После 1917 г. Гумилев активно занят литературной работой: он член редколлегии горьковской «Всемирной литературы», лектор Пролеткульта, литературный критик, переводчик. В 1921 г. сменил А. Блока в должности руководителя Петербургского отделения Всероссийского союза поэтов. Выходят поэтические сборники «Костер» (1918), «Шатер» (1921), «Огненный столп» (после смерти поэта).

3 августа 1921 г. арестован по делу Таганцева, обвинен в организации контрреволюционного монархического заговора и 24 августа расстрелян в числе 61 участника заговора. Место погребения неизвестно — Николай Гумилев открыл скорбный перечень загубленных Советской властью поэтов, могилы которых затеряны в массе братских захоронений безвинных зеков.
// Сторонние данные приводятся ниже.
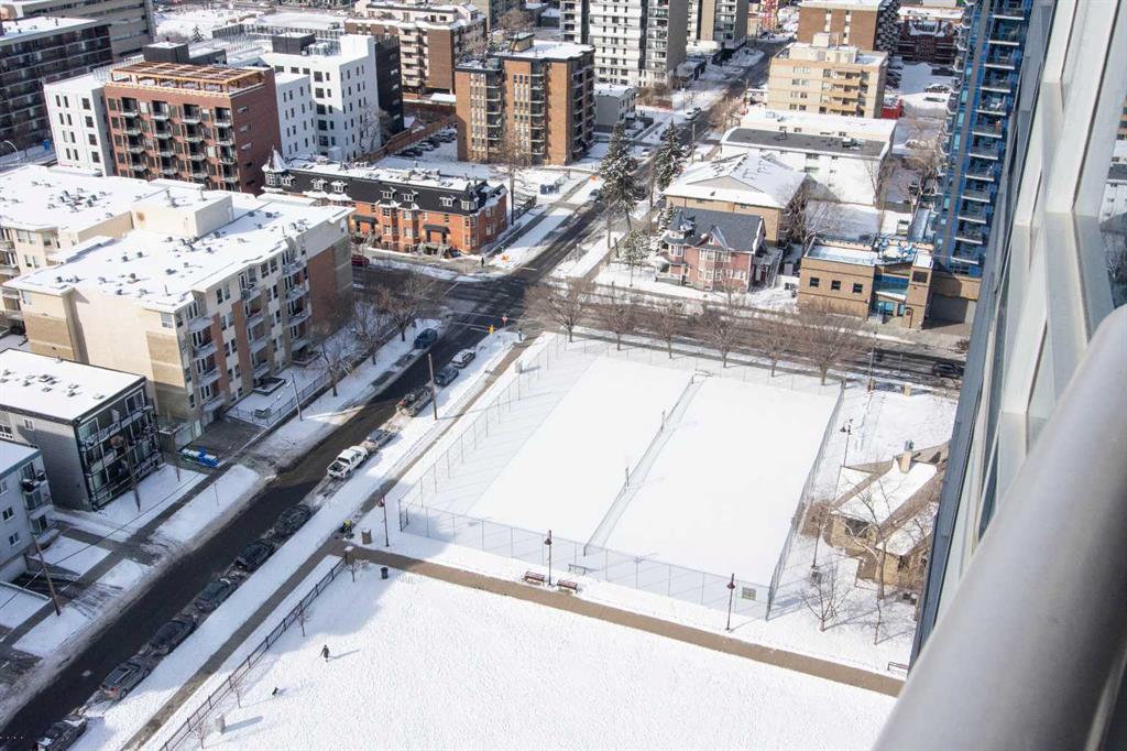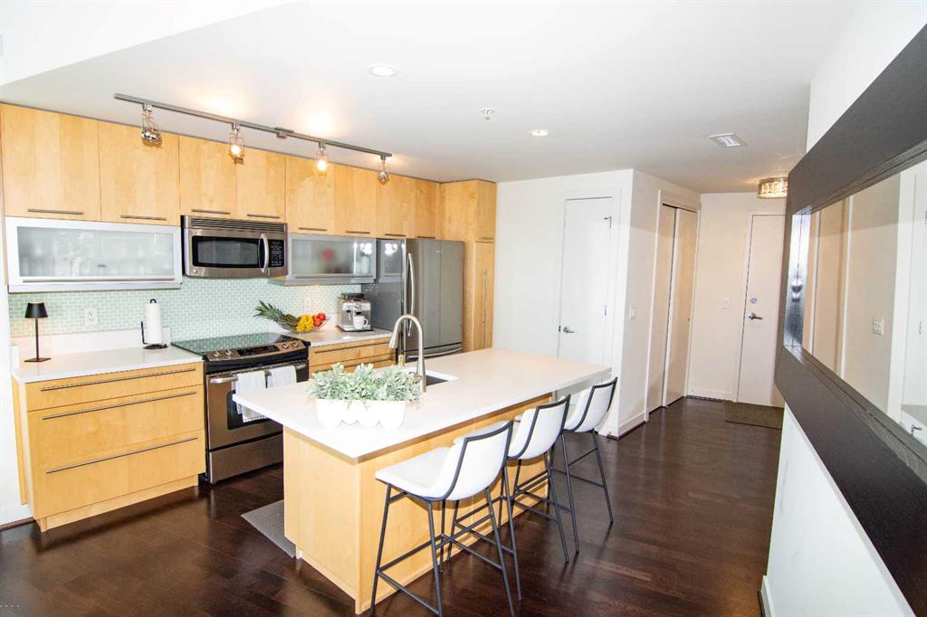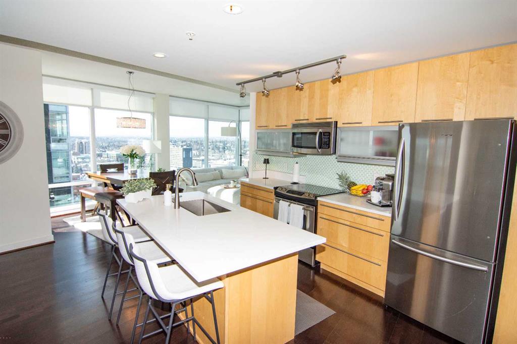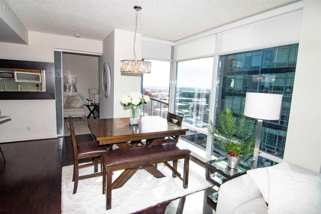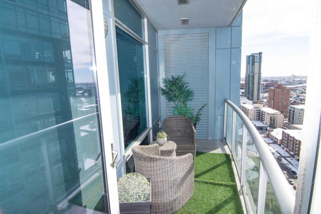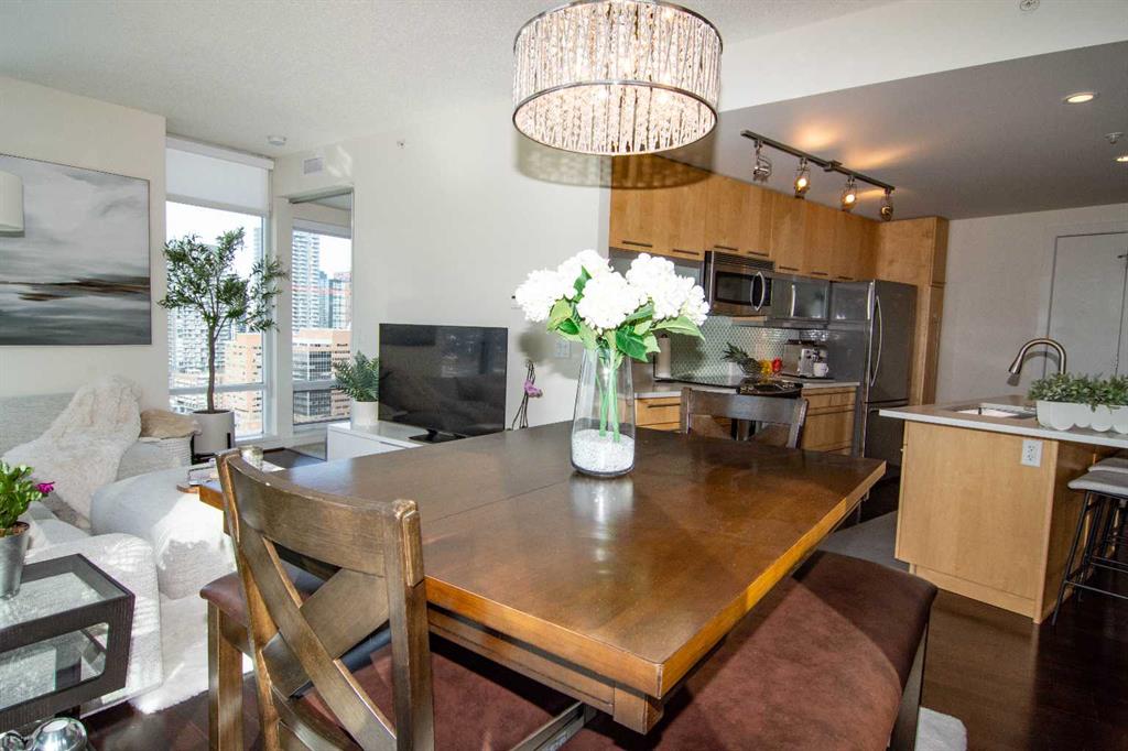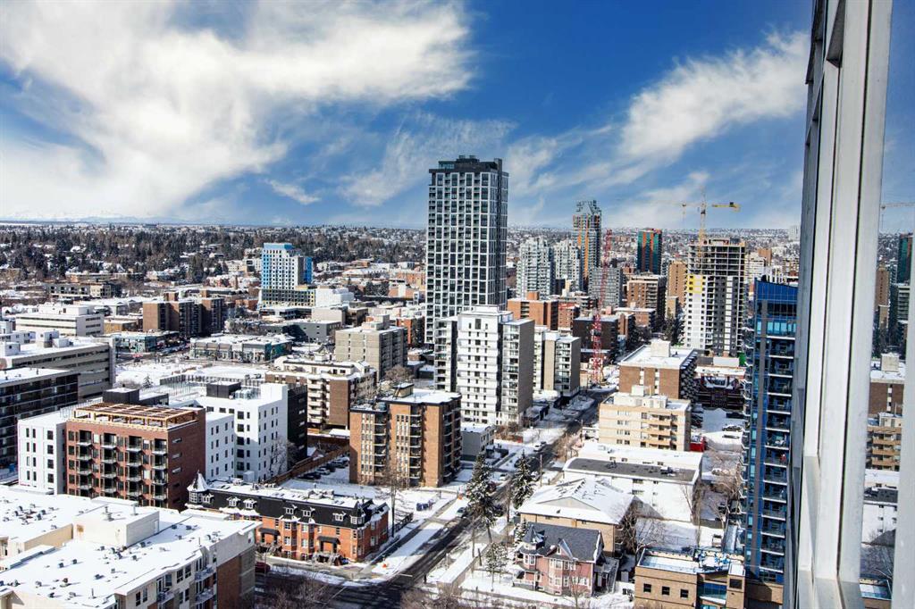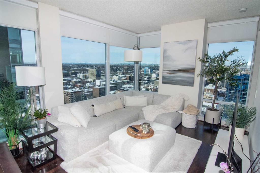 Perched on the 21st floor of Union Square, this bright, sun-soaked 2-bedroom condo delivers the kind of views that stop you mid-sentence—unobstructed city skyline rolling straight into the Rocky Mountains, all framed by walls of glass. Morning coffee hits different up here. So does everything else. Below you? The calm, green escape of Haultain Park. Around you? The pulse of Calgary’s inner city. You’re steps to the core—office towers, C-Train, 17th Ave, 4th Street, Stephen Ave, the Saddledome—yet somehow still tucked into the charm of First Street Village. It’s that rare balance: energy when you want it, quiet when you need it. Inside, the space keeps up. Airy 9’ ceilings. Floor-to-ceiling windows that flood every corner with natural light. Clean, modern finishes with custom maple cabinetry, flip-up uppers, under-cabinet lighting, and sleek pearl granite countertops. Stainless steel appliances, recessed lighting, blackout luxury blinds for when the city finally powers down. You’ve got in-suite laundry, a titled parking stall, and private storage—because convenience matters just as much as style. This is the kind of place where you feel connected—to the city, the views, and everything in between. Opportunities like this in Victoria Park don’t tend to sit around.

Хотя после гибели стихи Гумилева не переиздавались, они постоянно ходили в списках, особенно начиная с 50-х годов, момента возникновения Самиздата.

Наиболее полным изданием творческого наследия Н. Гумилева является «Собрание сочинений» в четырех томах, под редакцией проф. Г. П. Струве и Б. А. Филиппова, вышедшее в «Издательстве книжного магазина Victor Kamkin, Inc», Вашингтон, 1962.

Издательство «ТЕРРА-TERRA» в 1991 г. воспроизвело это издание.

Стихотворение из цикла «Путь конкистадоров»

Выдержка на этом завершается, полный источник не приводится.